Four troglodytes crept through the tunnels towards them. They had leathery skin and reptilian heads. Their iron-thick jaws were toothed and as powerful as snapping turtles’, and their tiny eyes shown with crocodilian malevolence. They had long, thick tails, ridged like an alligator’s. They wore little armor, trusting to their leathery hides, but they grasped shields and small one-handed weapons that ranged from short swords to flails. Their armor, shields, and weapons were a strange color, not made of metal, but looked as if they were grown and hewed from the chitin of a large, iridescent beetle.
They rushed forward, faster than lizardmen, and then they were amid the companions.
“Into the chamber!” Kaldor shouted. His wand flared to life, and a troglodyte crumbled at Oriand’s feet. “No prayers!” he shouted at her as she ran into the spherical room. “To the egg!”
Arda struggled to her feet. The spear had not pierced her armor—Anuit silently thanked whoever designed such wondrous material—but she was stunned. Arda shook her head back and forth in a daze as she struggled to recover her senses.
Three troglodytes were suddenly on the paladin, as if drawn to her weakness.
“No!” Anuit shouted again. She opened herself up to the darkness, not even bothering to summon her demons.

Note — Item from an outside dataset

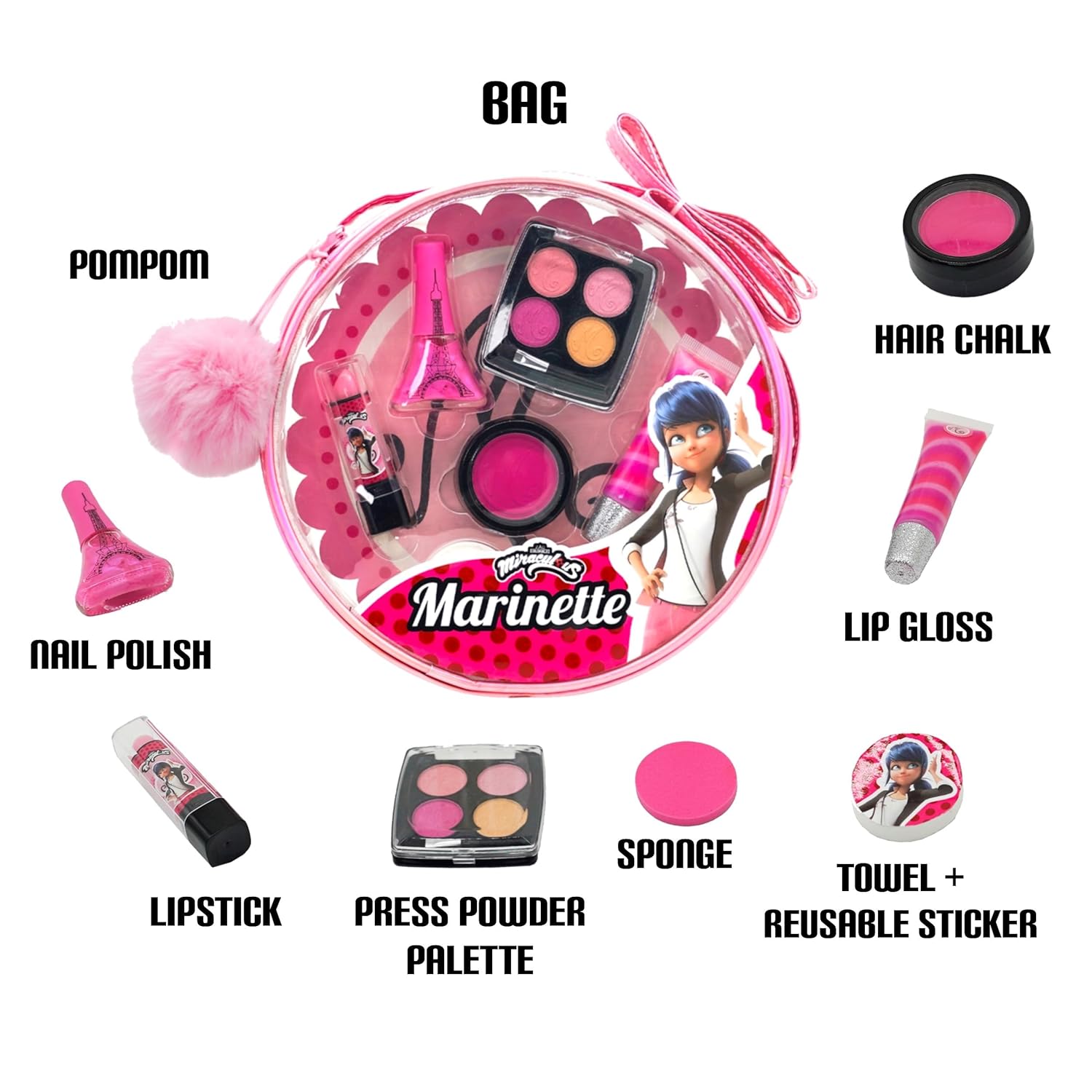 - Beyond Playtime: The Miraculous Ladybug kids' makeup set includes a charming bag that doubles as a delightful everyday accessory. Perfect for young fans, it ensures the fun and creativity continue well after the makeup session, making every day a magical adventure.

She tapped into the dead souls of the caves—maybe these were troglodyte souls or the remnants of prior adventurers foolish enough to try to penetrate Valkrage’s Vault—and drew in dark energy. Shadows surged in from the seams in the spherical wall, penetrating the red glow. Her hands erupted with claws, and leathery skin covered her arms in demonic sleeves. She leaped forward, at the same time sending a surge of solid shadow to knock the three troglodytes away. Her mouth opened impossibly wide, lined with endless rows of teeth, and she bit and tore open the throat of one of the creatures.